On the day of James’ procedure in late May, more than 140 surgeons, nurses and health care professionals gathered at NYU Langone. They divided into two teams and worked simultaneously in different operating rooms. In one, they removed the parts of James’ face that would be replaced with donor tissue. In the other, they removed the donor’s face and eyeball.

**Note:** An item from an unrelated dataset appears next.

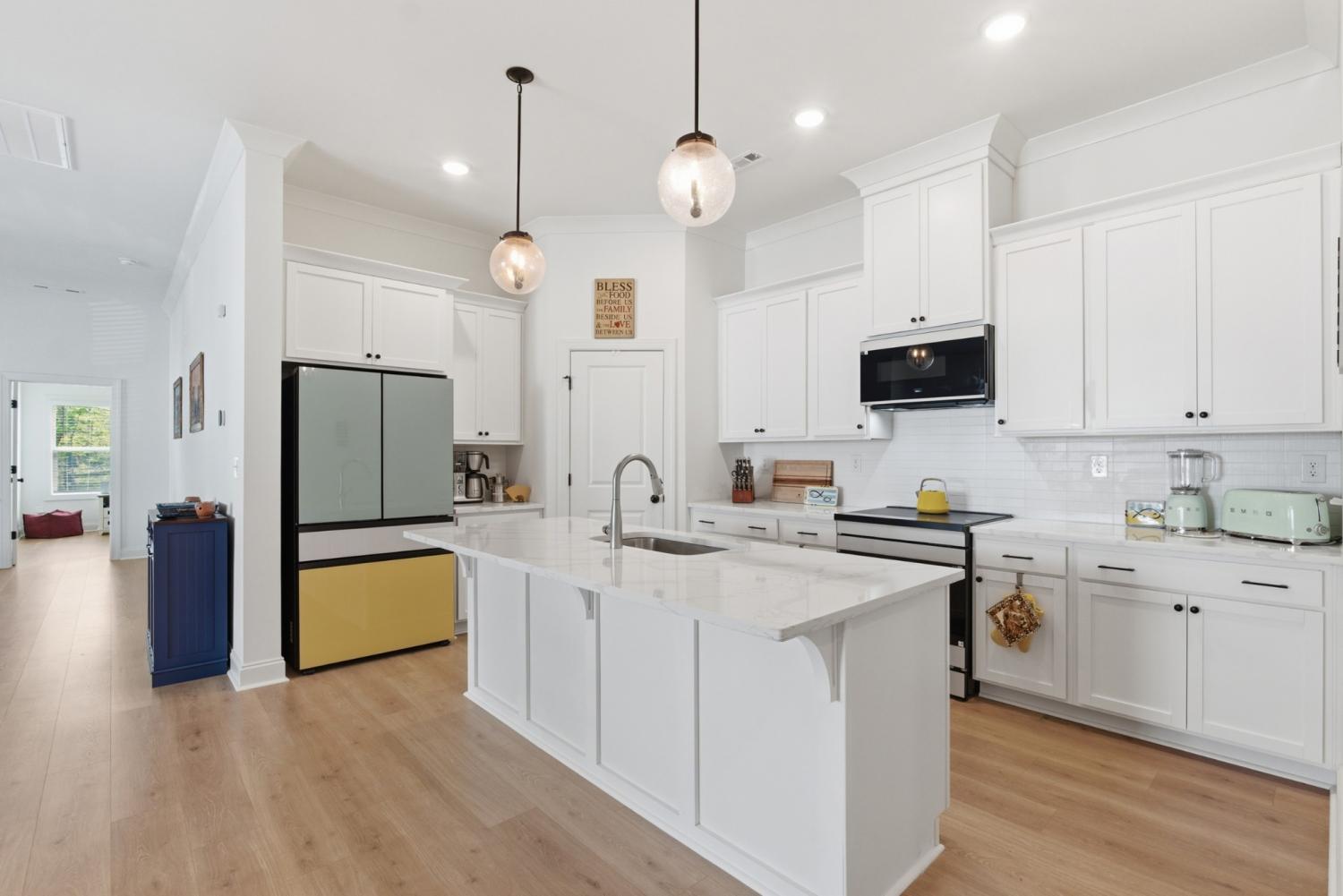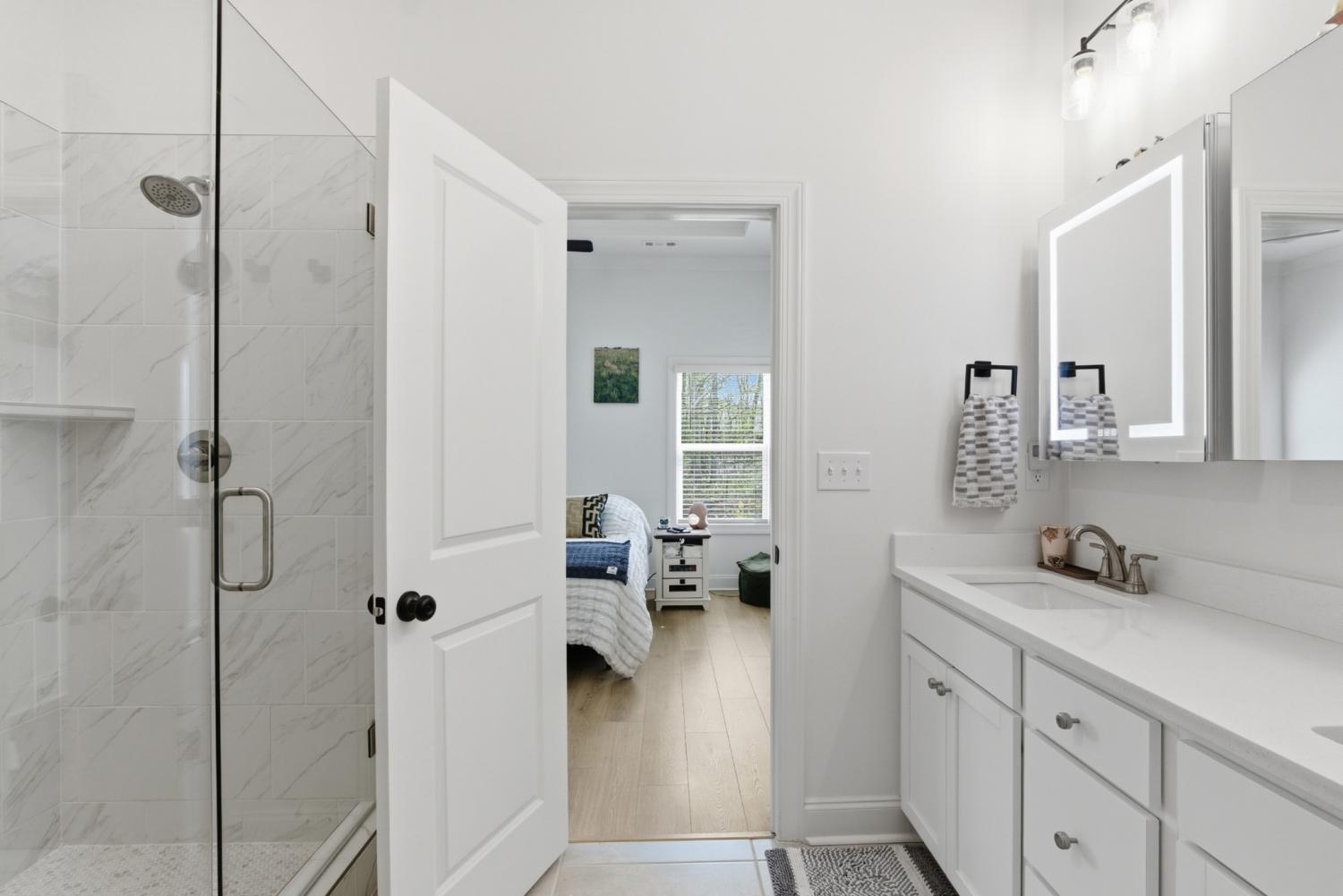 Better than new and fully dialed in, 3072 Wiltshire is where thoughtful design, modern comfort, & effortless living come together. Tucked within the cul-de-sac of the boutique Wiltshire Park community, this 2024 build has been elevated beyond what you’ll find in new construction. From the finished two-car garage with paneled glass doors to the alluring double door entry - the attention to detail is undeniable. Inside, a dramatic two-story foyer opens to a light-filled, open-concept layout designed for both everyday living & effortless entertaining. Wide plank LVP flooring, 10’ ceilings, and crown moulding create a clean, curated feel throughout. Two main-level bedrooms offer flexibility for guests or a home office without sacrificing flow. The kitchen is the true centerpiece - equal parts functional and striking: white shaker cabinetry, quartz countertops, upgraded Bespoke appliances, & an oversized island that naturally draws people in. It opens seamlessly to the expansive living area, where a shiplapped gas fireplace adds warmth and a refined focal point. Privately positioned at the rear of the home, the primary suite is a true retreat. Trey ceilings add dimension, while the spa-like ensuite features a large tiled shower with frameless glass, dual vanities with LED mirrors, & a walk-in closet designed for two. Just beyond, the covered, east-facing patio with fully automated screens creates a space that lives beautifully from morning coffee to late-night unwinding. Upstairs, hardwood stairs lead to a spacious bonus room, a private guest suite with full bath, & two walk-in attic spaces offering exceptional storage. From the integrated smart home features to the HOA-maintained lawn care, landscaping, and irrigation, you get effortless, low-maintenance living without sacrificing outdoor space. Located just minutes from I-40 and Percy Priest Lake, this home offers a rare balance of privacy, accessibility, and enriched everyday living.

They worked quickly to transplant the donor face and eyeball to James, sticking closely to a detailed timetable they’d rehearsed multiple times in advance. Surgeons transplanted the nose, upper and lower lips and tissues below the right eye. They also attached the underlying skull, cheek, nasal and chin bones. In addition, they transplanted the left orbital bones and eye socket, the left upper and lower eyelids, the left eyebrow and the surrounding tissues of the left eye.

Bald man wearing a black eye patch standing next to a man with dark hair
Patient Aaron James and lead surgeon Eduardo Rodriguez Ross Geltman / NYU Langone Health

When surgeons connected the donor eyeball, they injected adult stem cells from the donor’s bone marrow into James’ optic nerve. Their theory is that the adult stem cells will replace the damaged cells of the optic nerve and, possibly, help regenerate it.

Doctors had never injected adult stem cells into an optic nerve during a transplant before, so it remains to be seen whether the procedure will be effective.

In the end, the groundbreaking surgery lasted 21 hours—from 9:14 a.m. on May 27 to 7:51 a.m. on May 28. Afterward, James spent 17 days recovering in the hospital’s intensive care unit before moving to a nearby apartment, where he continued to receive physical, speech and occupational therapy.

Today, James is back home with his family in Arkansas. He remains on immunosuppressive drugs to discourage his body from rejecting the donated tissue, and he regularly returns to New York for check-ins. Because of the surgery, he can eat solid foods again, and he’s regained his sense of smell and taste. He no longer has to use feeding and breathing tubes.

While he cannot see out of the transplanted eyeball, the organ appears to be healthy. Early tests indicate the light-detecting cells in the eyeball’s retina are perceiving light and sending some signals to the visual cortex in his brain.

“We’re not claiming that we are going to restore sight,” says Rodriguez to the Associated Press’ Lauran Neergaard. “But there’s no doubt in my mind we are one step closer.”